Makassar Mulia
Kota Makassar Komitmen Dalam Kreatifitas

Sriwijaya Air Jatuh

Penyebab Sriwijaya Air Jatuh Bukan Disorientasi Pesawat Tapi Elevator, Andi Isdar Yusuf: Tunggu KNKT

Andi Isdar Yusuf menyangsikan penyebab Sriwijaya Air jatuh karena disorientasi.Pengamat penerbangan Isdar Yusuf menduga elevator sriwijaya air copot

Penulis: AS Kambie | Editor: AS Kambie
Dok: Isdar Yusuf
Andi Isdar Yusuf SH MH, pengamat penerbangan 

TRIBUN-TIMUR.COM, MAKASSAR – Misteri penyebab Sriwijaya Air jatuh semakin mengarah. Komisi Nasional Keselamatan Transportasi, KNKT, sudah mengunduh rekaman black box Sriwijaya Air SJ-182. Kotak Hitam Sriwijaya Air SJ182 atau Flight Data Recorder (FDR) diangkat dan diserahkan ke KNKP pada 13 Januari 2021.

Hanya saja, KNKT belum merilis ini rekaman black box Sriwijaya Air SJ-182. Belum ada pernyataan resmi dari KNKT terkait penyebab Sriwijaya Air jatuh. Yang beredar di media sosial terkait penyebab Sriwijaya Air jatuh masih bersifat dugaan.

Analisis sementara juga menyebutkan Sriwijaya PK-CLC tersebut hendak berpindah jalur sehingga

pilot mengalami disorientasi. Pindah jalur dan disorientasi pesawat itu membuat pesawat oleng dan terjun bebas dalam kondisi mesin masih hidup. Analisis ini didapatkan dari hasil rekam jejak penerbangan yang dirilis Flightradar24.com.

Dugaan pindah jalur disangkali pengamat penebangan Isdar Yusuf. Menurut Andi Isdar Yusuf, perpindahan jalur saat sedang climbing pesawat, atau saat pesawat sedang terbang naik, itu biasanya datang dari tower atau Jakarta Tower Control (JTC).

Dalam penerbangan, climbing pesawat adalah kondisi saat pesawat sedang terbang naik.

Menurut pengamat penerbangan Isdar Yusuf, biasanya JTC meminta pesawat pindah arah dikarenakan ada traffic, atau ada pesawat yang mau mendarat atau terlalu padat pesawat yang mau mendarat ketimbang yang mau take off.

“Kita juga tidak boleh terlalu cepat mengambill kesimpulan bahwa penyebab Sriwijaya Air jatuh karena mengalami disorientasi sehingga oleng dan pilot bingung,” ujar pengamat penerbangan Isdar Yusuf.

Kalau terjadi disorientasi dan pindah arah pada pesawat Sriwijaya Air SJ182 dan dilakukan oleh pilot, maka itu bisa dikatakan human factor tapi bukan berarti disorientasi arah membuat pesawat oleng sehingga pilot tidak bisa melakukan handling.

“Saya tidak yakin.
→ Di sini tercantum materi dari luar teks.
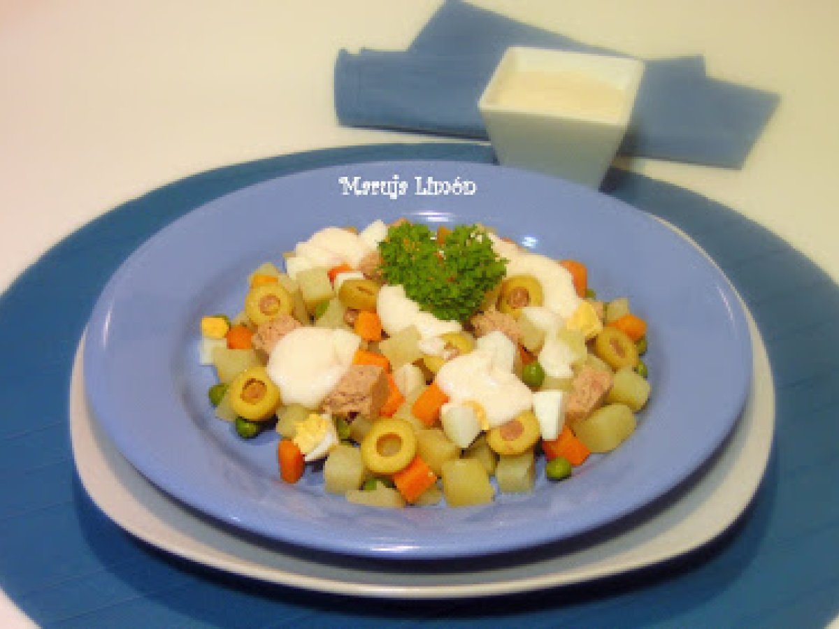 Ensaladilla con salsa de yogur EntranteMedio32 min Enviar esta receta a un amigo Imprimir esta página Preguntar al autor Publicar la foto de esta receta Ingredientes 2 ¾ kg de patatas 2 zanahorias medianas 2 huevos 1 latita de guisantes 300 g de mahonesa 1 yogur natural 1 lata de atún 100 g de aceitunas troceadas Sal

Kenapa? Karena dua pilot ini masing-masing memiliki tugas untuk mengawasi pesawat ketika sedang climbing. Ini waktu di mana dua pilot betul-betul total fokus,” tegas Andi Isdar Yusuf.

Disorientasi ruang atau disorientasi pesawat adalah kondisi yang terjadi karena ketidakmampuan pesawat mengidentifikasi kondisi sekitar saat terbang.

Menurut pengamatan pengamat penerbangan Isdar Yusuf, Sriwijaya Air SJ182 tujuan Jakarta-Pontianak tersebut kecil kemungkinan mengalami disorientasi karena posisinya masih di ketinggian 2.000-an meter. Andi Isdar Yusuf tetap berpendapat besar kemungkinan penyebab Sriwijaya Air jatuh karena elevator copot atau tidak berfungsi

Yang dalam lingkaran itulah elevator pesawat. Ia terhubung langsung dengan kemudi dan berfungsi menaik-turunkan pesawat.
Yang dalam lingkaran itulah elevator pesawat. Ia terhubung langsung dengan kemudi dan berfungsi menaik-turunkan pesawat. (dok.tribun)

Lebih lanjut Andi Isdar Yusuf mengatakan, disorientasi pesawat umumnya terjadi saat pesawat dalam posisi cruising.  Cruising pesawat adalah posisi pesawat saat sedang terbang datar.

“Seperti yang perna dialami pesawat Adam Air tujuan Makassar tapi mendarat di NTB. Itu karena disorientasi, karena malam yang kelam, gelap gulita,” kata Andi Isdar Yusuf.

Tapi kondisi disorientasi biasanya bisa diatasi oleh pilot. Berbeda dengan situasi krusial yang dialami Sriwijaya SJ182 itu.

Menurut pengamat penerbangan Isdar Yusuf, biasanya pesawat saat di ketiginggain di atas dua ribu kilometer itu, outomatic pilot on.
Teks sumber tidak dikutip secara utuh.